If the job should follow current default model changes, do **not** require an exact old model string.
## Anti-patterns
Reject these by default.
### Embedded full-payload cron jobs for dynamic automations
A cron job stores the full prompt, model, and delivery configuration even though the automation is expected to evolve via local files.
### Stale exact model pinning
A manifest or cron payload hardcodes an old model and exact verification preserves it forever.
### Chat-only preference changes
A user requests a format change in chat, but the job still reads an older prompt source.
### Session-derived outbound routing
Outbound delivery copies stale or misleading session metadata rather than a provider-valid target.
### Persistent scheduled generation context
A long-lived automation session accumulates outdated assumptions and keeps using them.

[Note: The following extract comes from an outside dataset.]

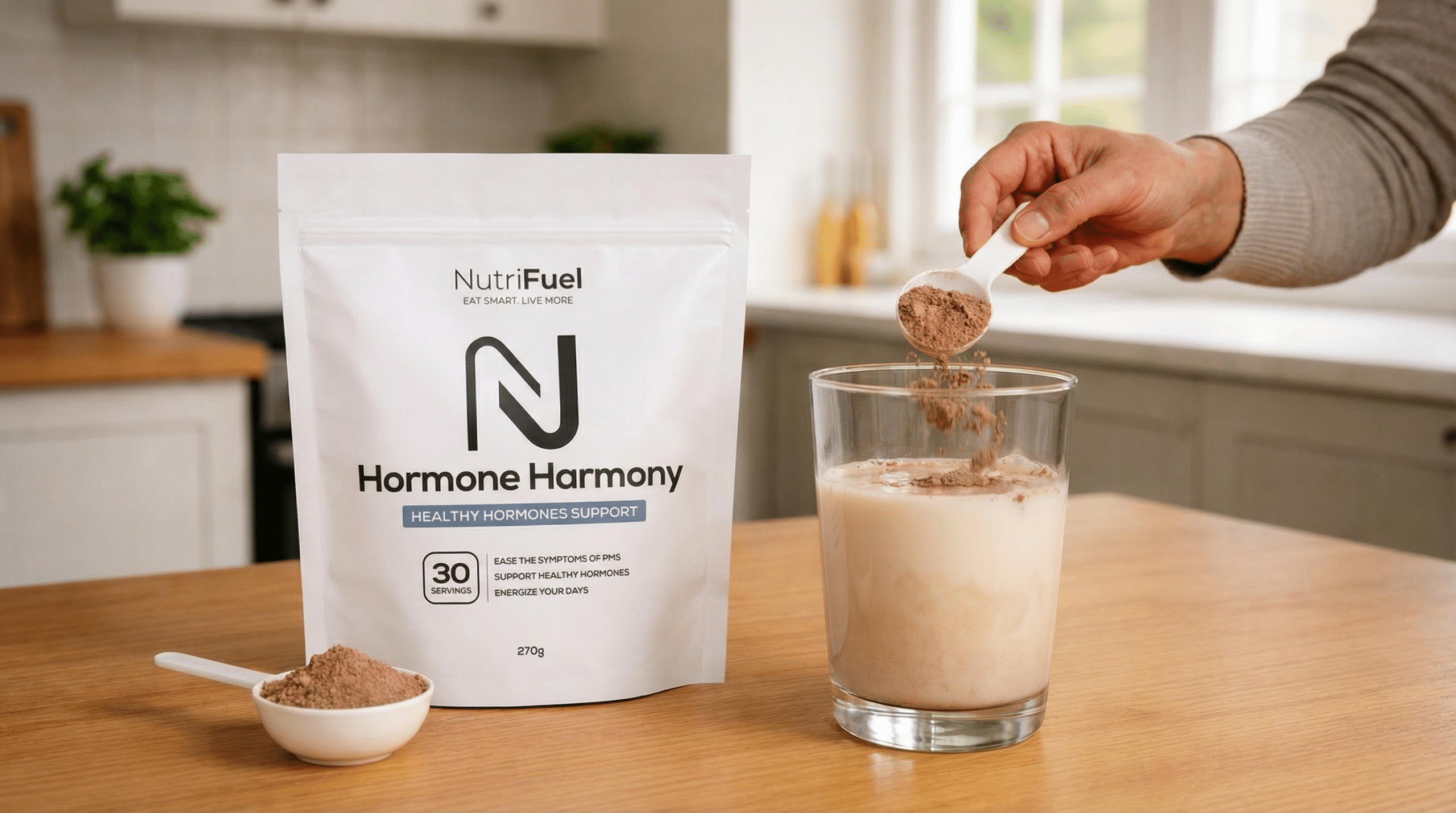 Nutrifuel Hormone Harmony heeft een warme, romige chocoladesmaak met een subtiele cacaobasis — aangenaam en goed te combineren met plantaardige melk.

### Assuming scheduler reliability equals delivery reliability
A job can resolve current local files correctly and still fail because the scheduler's announce/delivery adapter is broken.
## Migration workflow
When fixing an existing job:
1. Inspect current manifest and scheduler behavior
2. Identify stale sources
- model
- prompt
- policy
- delivery
- session mode
- embedded cron payloads
3. Move all durable rules into files
4. Replace fat cron payloads with a thin stable trigger
5. Choose model policy
6. Make delivery explicit
7. Reduce over-strict verification that blocks intended inheritance
8. Test one live run for content freshness
9. Test final delivery separately
10. Record provider-specific quirks
## Required output when using this skill
Provide:
- recommended runtime pattern
- manifest structure
- model policy recommendation
- delivery contract recommendation
- what must move out of session state
- migration steps
- verification plan
- reliability risks and tradeoffs
- whether additional local execution tooling is still required
## Reliability review checklist
Before declaring the architecture good, confirm:
- a prompt edit affects the next run
- a policy edit affects the next run
- a delivery target edit affects the next run
- a default-model change affects the next run when inherit-default is used
- the scheduler stores only a thin trigger for dynamic jobs, or re-registration is explicitly part of the workflow
- no persistent session is required for content correctness
- provider-specific outbound routing is documented where needed
- final delivery works independently of cron announce delivery
## References
Read `references/architecture-patterns.md` when designing the execution model.
Read `references/migration-checklist.md` when converting an existing stale scheduled job.
Read `references/reliability-review.md` before finalizing a job architecture or publishing this pattern for wider reuse.
Read `references/job-manifest-template.json` for the recommended manifest shape.
Read `references/example-migration-daily-briefing.md` for a concrete migration from a stale scheduled digest to a fresh-runtime job.